SLX: An Extended SLO Framework to Expedite Incident Recovery

Note: Presentation times are in Coordinated Universal Time (UTC).

Wednesday, 2021, October 13 - 03:3004:00

Qian Ding and Xuan Zhang, Ant Group


This talk is based on a real journey on establishing SLOs for an infrastructure SRE team whose availability target is higher than 99.999%. First, we reveal our process on defining SLOs and demonstrate the gaps between expectations and reality on using SLOs with dev teams. Secondly, we present a uniformed SLO framework (SLX) design to facilitate SREs to manage hundreds of SLOs. For example, other than using SLO data for basic alerting and weekly reporting, we combine the SLO framework with statistical anomaly detection algorithms to locate the pitfalls automatically. To achieve that, we introduce several new concepts like Service-Level-Factor (SLF) and Service-Level-Dependency (SLD) and use them to build SLO knowledge graphs across multiple infrastructure systems. Finally, we present our intent-driven SLX implementation inspired by the Kubernetes design and the Gitops paradigm.

Qian Ding, Ant Group

Qian works at Ant Group as a staff engineer focusing on site reliability engineering. He is the SRE tech lead of adopting Kubernetes in Ant Group production environment.
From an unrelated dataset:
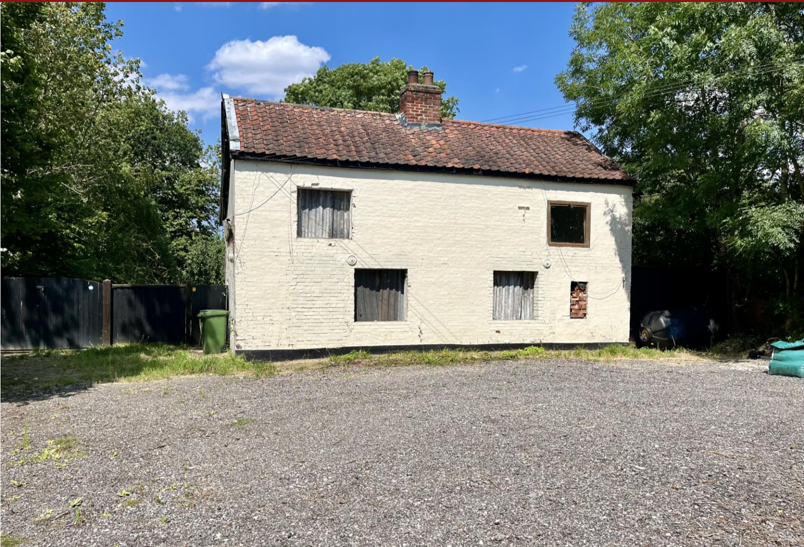
Cargate Cottage Cargate Common Tibenham NR16 1QH

He is passionate about adopting and promoting SRE's philosophy for managing large-scale production systems. His current interest includes designing SLOs from end-user's perspective for using Kubernetes as well as using SLOs to drive reliability feature development for Kubernetes.

Xuan Zhang, Ant Group

Xuan Zhang works at Ant Group as an SRE. He is a full-stack engineer with a passion for coding and building all kinds of systems. He has been focusing on automations, and with his out-of-the-box thinking, pushed through the boundaries of automating processes that deemed implausible.